» Data shown
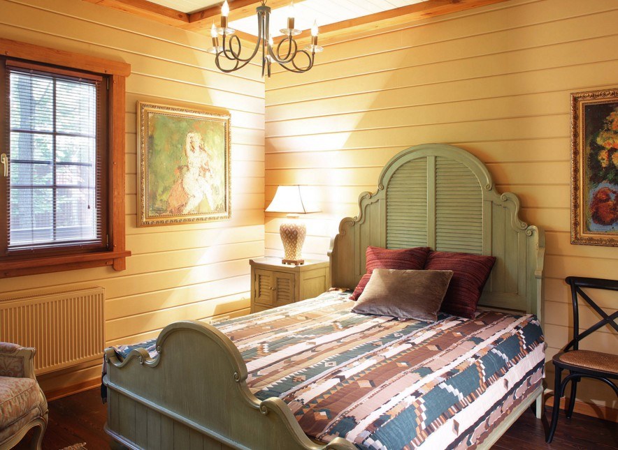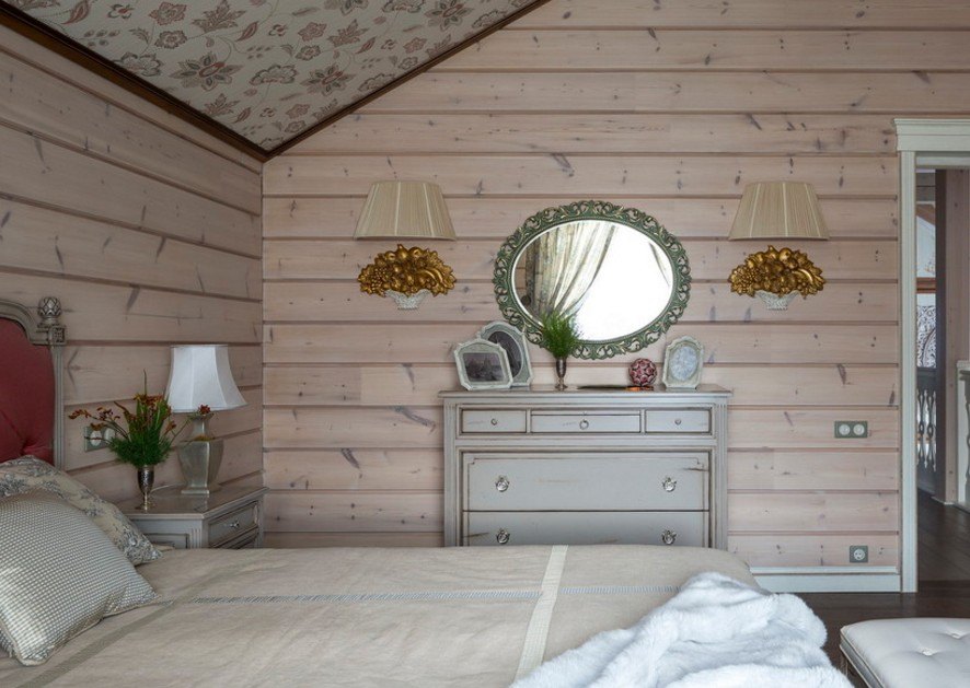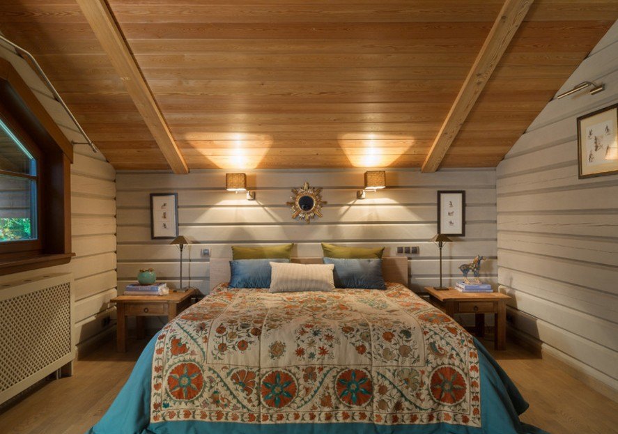 Потолок в спальных комнатах делается из дерева, оно может быть обработано антисептиком и смотреться грубовато
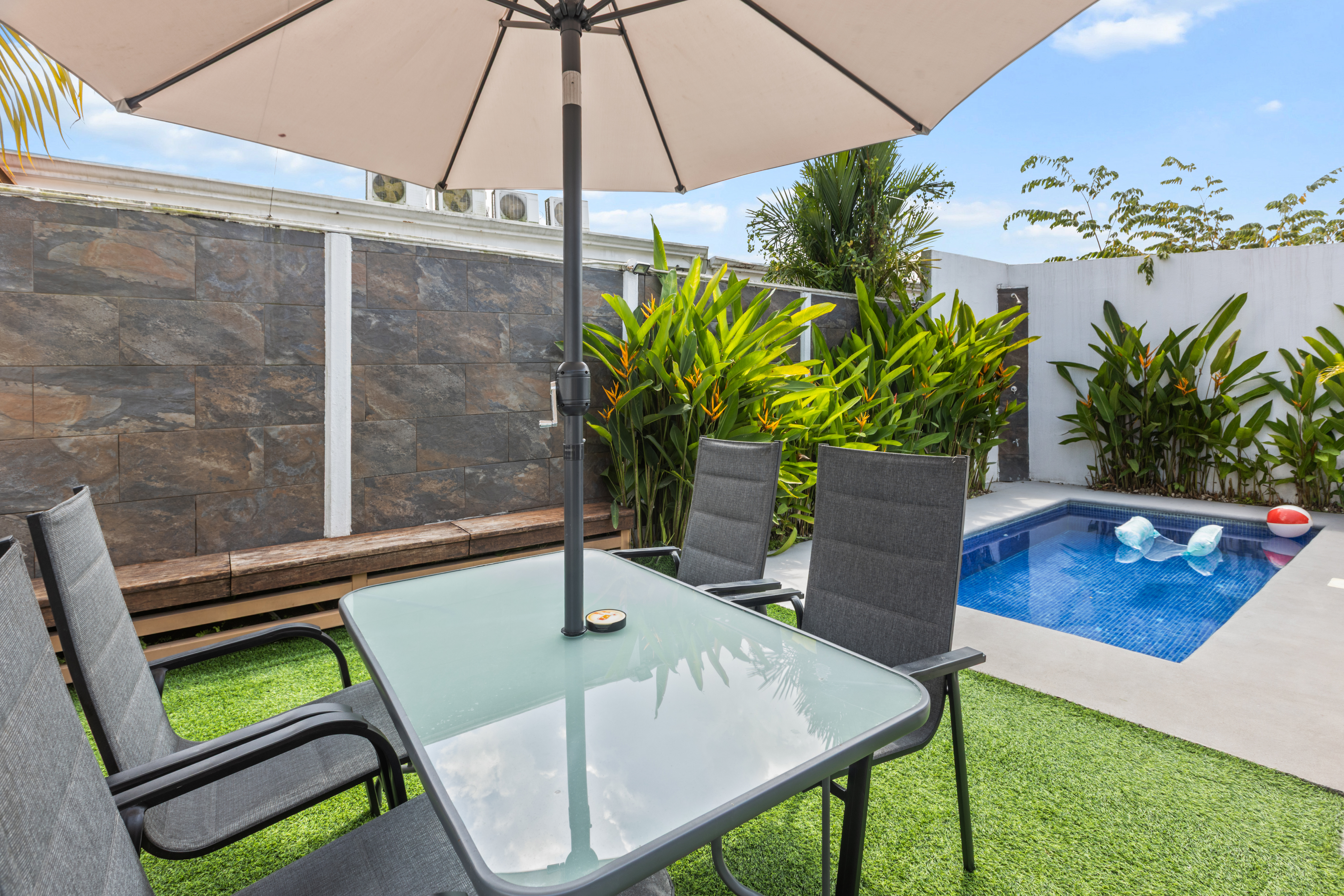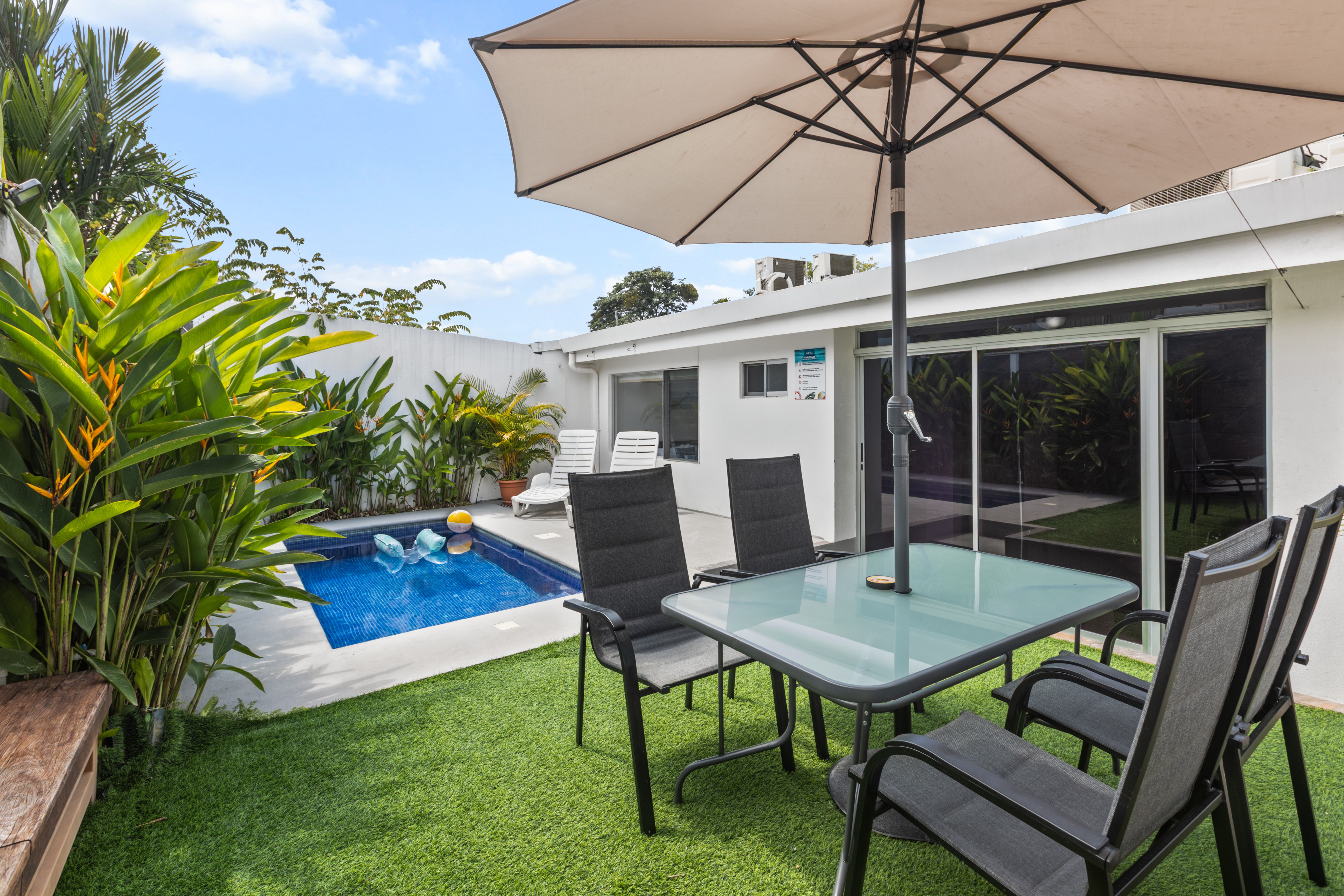 El patio es el corazón de esta casa: limpio, moderno y perfecto para relajarse.
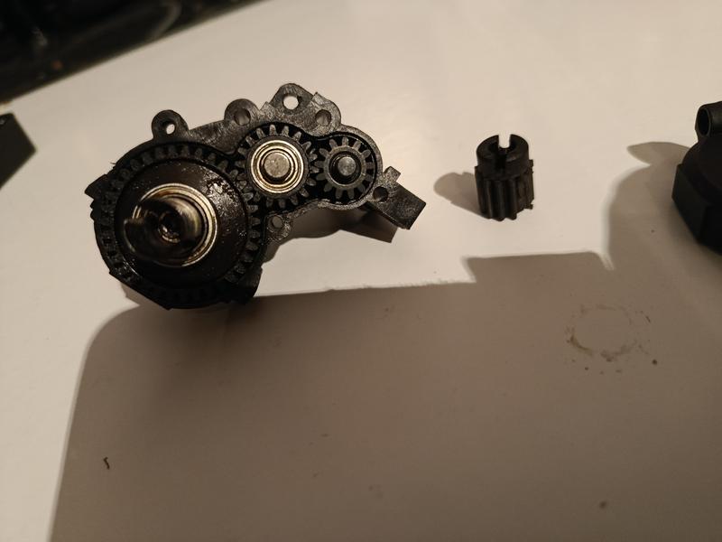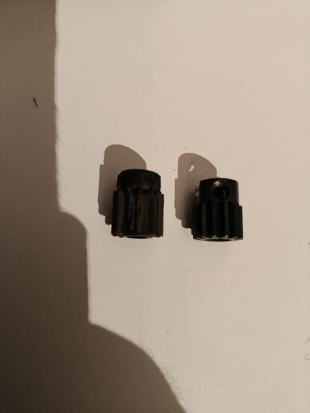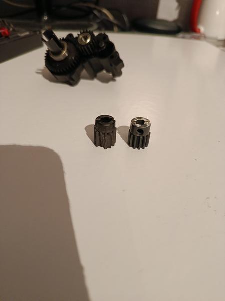Marre de ruiner le pignon de 13 de la boite de vitesse. j'en suis à 3 en 1 mois. j'ai pu trouver sur Ali un pignon de la bonne largeur en métal, qui va bien compléter celle ci. un poil plus bas d'1 mm, mais adaptable très facilement en faisant l'encoche à la dremel, tout est parfait, le centre fait bien 5mm. (AJRC 32P M0.8 5mm 13T) qui à la base est pour le 1/10 slash trx4. on verra bien sur le terrain une fois tout remonté et huilé.
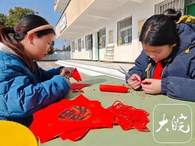 大皖新闻讯 2月4日上午,合肥市长丰县费岗小学正组织孩子们现场书写福字、剪窗花,将它们送给学生家长、附近邻居作为新年祝福。这是学校剪纸社团成立半年来,第一次开展春节活动,五年级的许梦洁便是其中一员。这个热爱剪纸的留守女孩,平时用废报纸练剪纸,如今,已经剪得有模有样。这个新年,她许下一个心愿,为剪纸社团添上一批新的剪纸材料,来年,她想和同学们一起剪出更多精美的好作品。
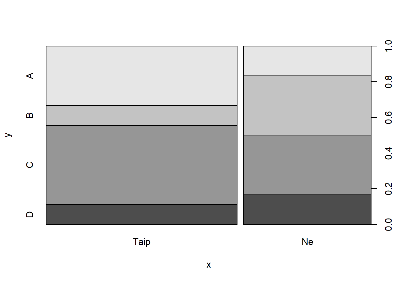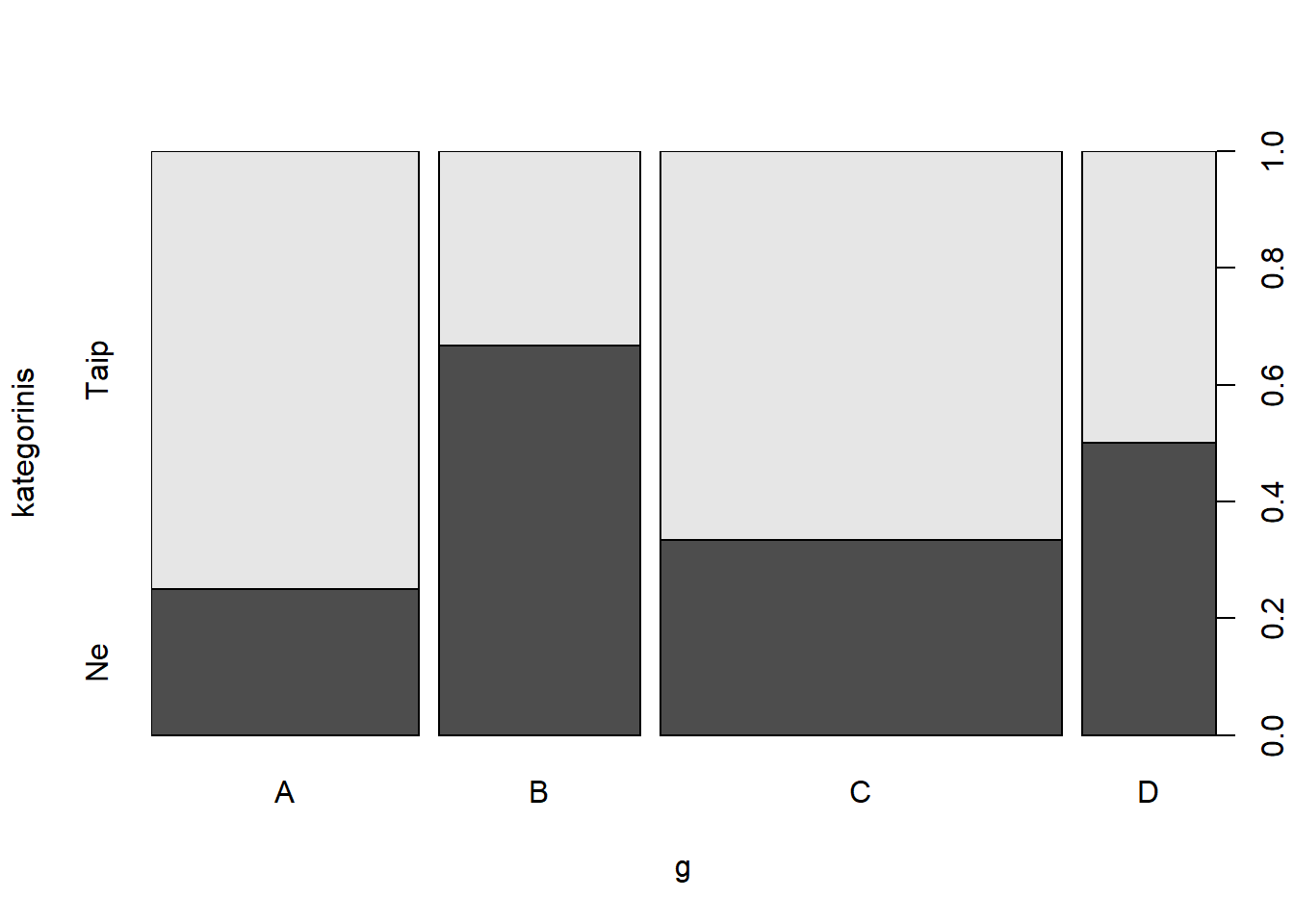 Jei iš karto abiems parametrams x ir y priskiriami kategoriniai kintamieji, nubraižoma speficinė stulpelinė diagrama, kuri vadinama spineplot. Joje ant \(Ox\) ašies išdėstomi skirtingas x kintamąjo kategorijas atitinkantys vienetinio aukščio stulpeliai. Kiekvienas stulpelis padalinamas į tiek dalių, kiek skirtingų y reikšmių yra toje stulpelio grupėje, o dalies dydis proporcingas tų reikšmių dažniui.
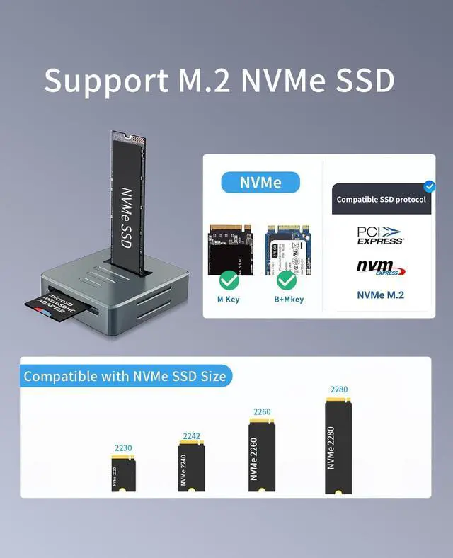 Use: The M. 2 NVMe Reader features a tool-less design that simply plugs in and is ready to use, making it easy to swap out NVMe SSDs, making it a plug-and-play device. This compact NVMe docking station provides a simple solution to create your own external storage for your mobile lifestyle ^^
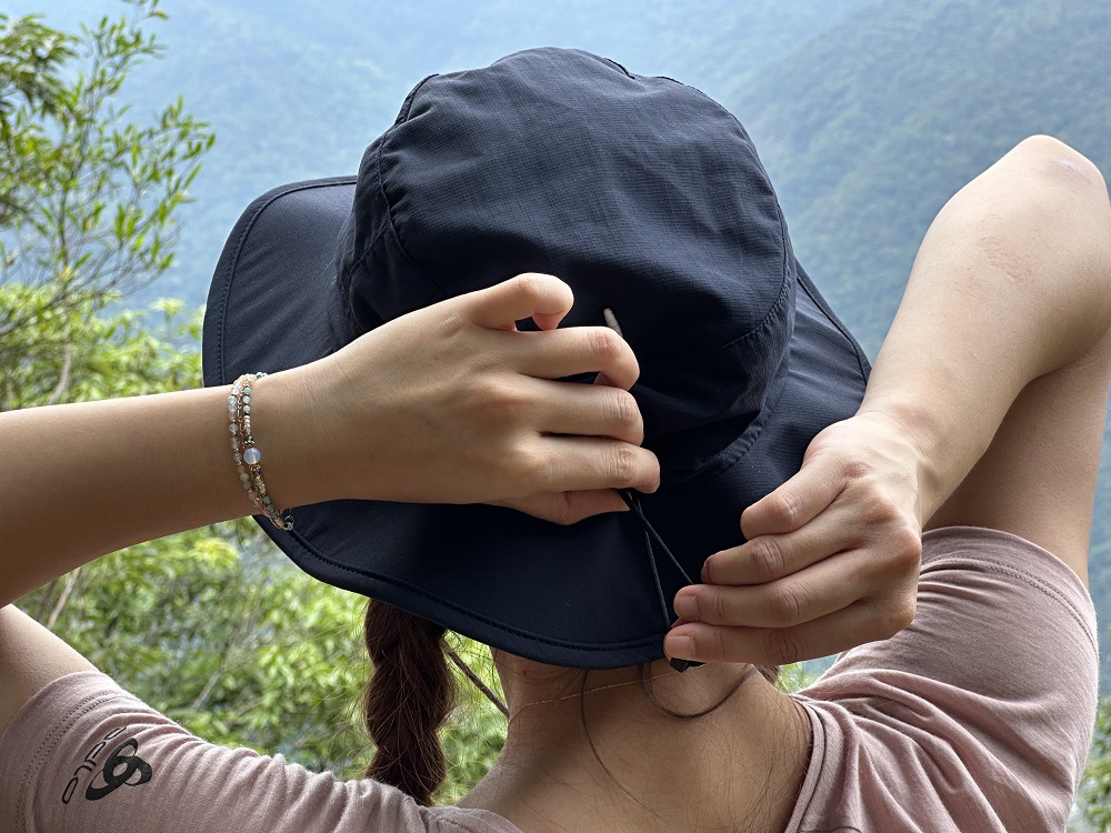 另外,輕薄可折疊也非常方便收納,也有調節扣可調整頭圍的鬆緊。對我這種頭圍超級小的人來說,可調節大小這件事情真的很重要,否則風一吹常常就被向後吹倒。

» Work instruction
Leaving the pictures out, transcribe word for word the lines from the one with "El patio es" to the end of the material above, inclusive, and nothing else.

» Answer section
 El patio es el corazón de esta casa: limpio, moderno y perfecto para relajarse.
Marre de ruiner le pignon de 13 de la boite de vitesse. j'en suis à 3 en 1 mois. j'ai pu trouver sur Ali un pignon de la bonne largeur en métal, qui va bien compléter celle ci. un poil plus bas d'1 mm, mais adaptable très facilement en faisant l'encoche à la dremel, tout est parfait, le centre fait bien 5mm. (AJRC 32P M0.8 5mm 13T) qui à la base est pour le 1/10 slash trx4. on verra bien sur le terrain une fois tout remonté et huilé.
 大皖新闻讯 2月4日上午,合肥市长丰县费岗小学正组织孩子们现场书写福字、剪窗花,将它们送给学生家长、附近邻居作为新年祝福。这是学校剪纸社团成立半年来,第一次开展春节活动,五年级的许梦洁便是其中一员。这个热爱剪纸的留守女孩,平时用废报纸练剪纸,如今,已经剪得有模有样。这个新年,她许下一个心愿,为剪纸社团添上一批新的剪纸材料,来年,她想和同学们一起剪出更多精美的好作品。
 Jei iš karto abiems parametrams x ir y priskiriami kategoriniai kintamieji, nubraižoma speficinė stulpelinė diagrama, kuri vadinama spineplot. Joje ant \(Ox\) ašies išdėstomi skirtingas x kintamąjo kategorijas atitinkantys vienetinio aukščio stulpeliai. Kiekvienas stulpelis padalinamas į tiek dalių, kiek skirtingų y reikšmių yra toje stulpelio grupėje, o dalies dydis proporcingas tų reikšmių dažniui.
 Use: The M. 2 NVMe Reader features a tool-less design that simply plugs in and is ready to use, making it easy to swap out NVMe SSDs, making it a plug-and-play device. This compact NVMe docking station provides a simple solution to create your own external storage for your mobile lifestyle ^^
 另外,輕薄可折疊也非常方便收納,也有調節扣可調整頭圍的鬆緊。對我這種頭圍超級小的人來說,可調節大小這件事情真的很重要,否則風一吹常常就被向後吹倒。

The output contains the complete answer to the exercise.